While some online files may be original creations posted by the copyright holder (a home-recorded original song, for example), many files are illegal. In addition to music, videos and commercial movies, some users of file-sharing programs trade in "warez" (pronounced "wares") slang for commercial software that's been pirated and posted online. Viruses and porn also are common.
Yet until there's a problem, many parents don't even know their kids have installed a P2P program.
Among specific concerns:
Security breaches. A report from Hewlett-Packard's HP Labs this summer cited a study that assessed the security problems with KaZaA. "A parent (with) ... a secure ... connection to a corporation for downloading and working on important confidential files, (could) have them inadvertently shared by a teenage son or daughter, without either party's knowledge," the report says.

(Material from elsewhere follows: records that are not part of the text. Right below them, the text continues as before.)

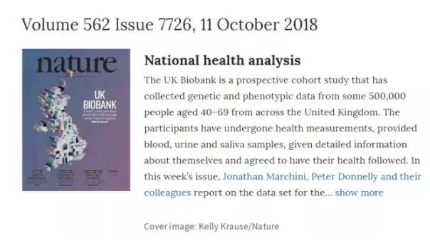 对于精准医学来说,今天可谓是具有历史性的一天:英国在今日正式公布了“生物银行”(UK Biobank)的数据,并通过一项万人研究,向我们揭示了生物大数据对于精准医学的极高价值。这一里程碑式的事件,也登上了最新一期《自然》杂志的封面。
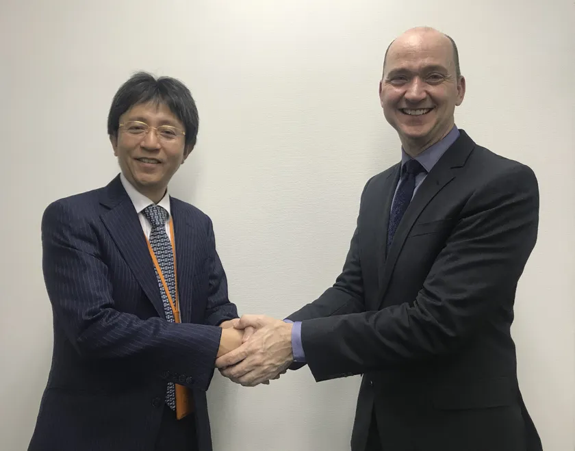 両社の代表者が調印式にて握手
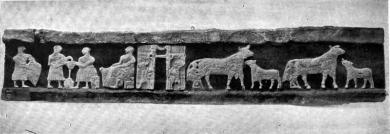 Milking scenes from walls of A-anni-padda’s temple at al ’Ubaid. British Museum.
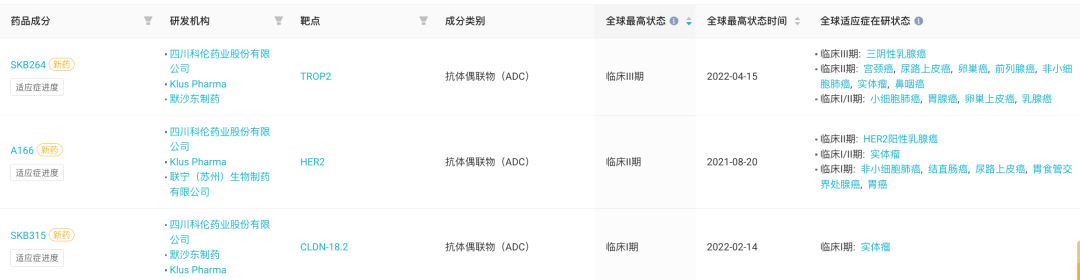 目前,据 Insight 数据库显示,除 SKB410 外,另有 3 款 ADC 进入临床阶段,分别为处于临床 I 期、II 期、III 期的 SKB315、A166、SKB264。
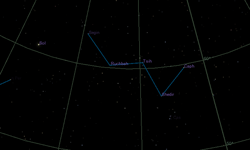 South of about 29° South latitude, Alpha Centauri is circumpolar and never sets below the horizon.[note 2] North of about 29° N latitude, Alpha Centauri never rises. Alpha Centauri lies close to the southern horizon when viewed from the 29° North latitude to the equator (close to Hermosillo and Chihuahua City in Mexico; Galveston, Texas; Ocala, Florida; and Lanzarote, the Canary Islands of Spain ), but only for a short time around its culmination.[36] The star culminates each year at local midnight on 24 April and at local 9 p.m. on 8 June.[36][38]

Spyware. In attempts to make file sharing a profitable business, some P2P program creators have begun to bundle in "adware" and "spyware" applications, which allow marketers and other third parties to track consumers' online surfing and shopping habits to better target online ads.
Copyright issues. Unauthorized use of copyrighted material is a violation of most Internet access providers' terms of service, and companies are increasingly taking action against users when violations are reported.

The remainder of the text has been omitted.